Fabric Plane Management

 

Fabric Plane Management on AS MLC Modular Carrier Card

The Application Services Modular Line Card (AS MLC) provides high application throughput and storage space, and is designed to run services on the MX240, MX480, and MX960 routers. The AS MLC consists of the following components:

  • Application Services Modular Carrier Card (AS MCC)

  • Application Services Modular Processing Card (AS MXC)

  • Application Services Modular Storage Card (AS MSC)

The AS MCC plugs into the chassis and provides the fabric interface.

An MX960 router can support three Switch Control Boards (SCBs) or six fabric planes. The AS MCC supports six fabric planes. An MX240 or MX480 router can support upto two SCBs or two fabric planes. The AS MCC at any time can provide connectivity to only six of the eight fabric planes. Fabric planes 1 and 5, and 3 and 7 use shared physical links. So between fabric planes 1 and 5 only one plane can be active. Similarly between fabric planes 3 and 7, only one plane can be active.

This behavior impacts the output of fabric-related monitoring commands on MX240 and MX480 routers with AS MCCs.

The show chassis fpc pic-status command displays the output for an MX480 router with an AS MCC:

user@host>show chassis fpc pic-status

In the show chassis fpc pic-status command output, Slot 1 and 5 are AS MCC, PIC 0 is the AS MSC, and PIC 2 is the AS MXC.

The show chassis fabric fpcs command displays the output on an MX480 router with an AS MCC.

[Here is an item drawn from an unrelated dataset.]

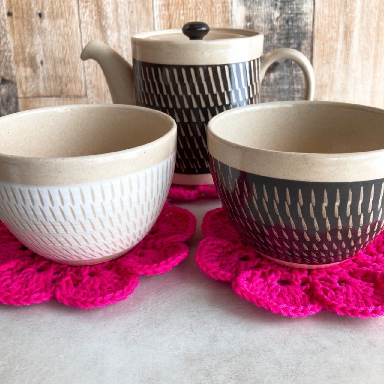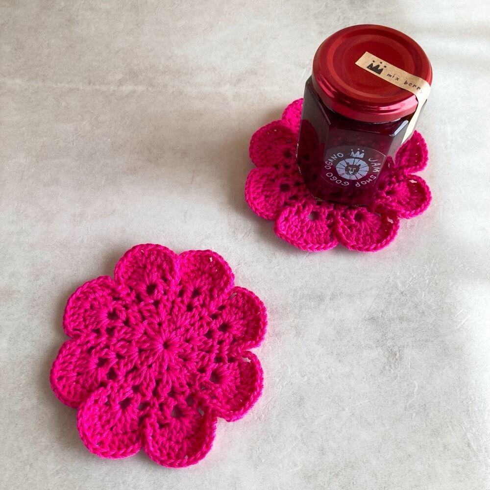カラフルで可愛らしいコースターは綿100%の日本製の毛糸を使用して、かぎ針編みで一針一針丁寧に制作しました。

user@hostshow chassis fabric fpcs

In the show chassis fabric fpcs command output, FPC 5 is the AS MCC.

The show chassis fabric plane command displays the output on an MX480 router with an AS MCC.

user@host>show chassis fabric plane

In the show chassis fabric plane output, FPC 5 is the AS MCC.

The term Unused in the output for the show chassis fabric fpcs and show chassis fabric plane command indicates that one fabric plane from each pair that share physical links (1 and 5, and 3 and 7) is inactive.

See Junos OS System Basics and Services Command Reference for more information.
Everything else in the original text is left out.